# Generate Random Cognates

At times you may want to compare how well an algorithms performs against a completely random algorithm for cognate cluster annotation. Here's how you do it. We use the ```random_cognates``` function which assigns words to random cognate sets and check how well these random cognates correspond to our gold standard. We use the ```bcubes``` function which computes B-Cubed F-Scores for the purpose of evaluation to check the accuracy of our random cognate judgments.

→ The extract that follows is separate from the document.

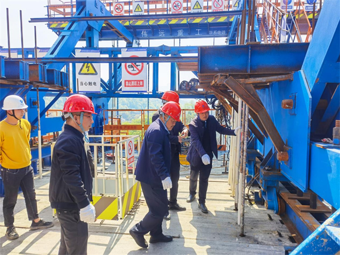 班子成员到宜来2标渔洋河大桥现场指导
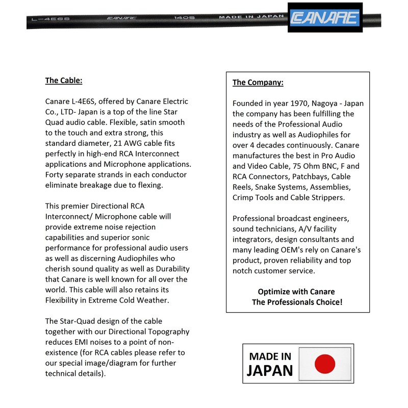 - Based in Nagoya-Japan, Canare manufactures Cables, Tools & Acc. for Pro-Audio/Video applications since 1970. Many Audio-Professionals rely on Canare’s proven reliability, top-notch quality & customer service. Optimize with Canare, the Professionals Choice!

First, we import the relevant functions (we also import ```test_data``` to have access to LingPy's test data.

In [1]:
from lingpy import *
from lingpy.tests.util import test_data
from lingpy.evaluate.acd import random_cognates, bcubes

Now we test on Kessler's (2001) dataset, which has a lot of unrelated languages and therefore large amounts of unrelated words.

In [4]:
wl = Wordlist(test_data("KSL.qlc"))
for i in range(10):
    random_cognates(wl, ref='T_'+str(i))
    p, r, f = bcubes(wl, 'cogid', 'T_'+str(i))
    print('{0:2}:\t{1:.2f}\t{2:.2f}\t{3:.2f}'.format(i+1, p, r, f))

 1:	0.38	0.91	0.53
 2:	0.37	0.92	0.53
 3:	0.37	0.91	0.53
 4:	0.36	0.93	0.52
 5:	0.39	0.91	0.54
 6:	0.38	0.91	0.53
 7:	0.38	0.91	0.53
 8:	0.38	0.91	0.53
 9:	0.37	0.91	0.53
10:	0.37	0.91	0.53


Now we repeat this analysis but this time using a data set with more cognates, namely our Chinese test set (```phybo.qlc```).

In [3]:
wl = Wordlist(test_data("phybo.qlc"))
for i in range(10):
    random_cognates(wl, ref='T_'+str(i))
    p, r, f = bcubes(wl, 'cogid', 'T_'+str(i))
    print('{0:2}:\t{1:.2f}\t{2:.2f}\t{3:.2f}'.format(i+1, p, r, f))

 1:	0.36	0.27	0.31
 2:	0.44	0.26	0.33
 3:	0.37	0.26	0.31
 4:	0.42	0.25	0.31
 5:	0.40	0.25	0.31
 6:	0.40	0.23	0.30
 7:	0.39	0.27	0.32
 8:	0.38	0.29	0.33
 9:	0.42	0.26	0.32
10:	0.40	0.25	0.31


What we can see, and what is interesting in this context is that we achieve rather high scores on the Kessler dataset, while our scores on the other dataset are rather low. This is surely related to the number of concepts in the data as well as the number of languages, but also the overall "cognate density".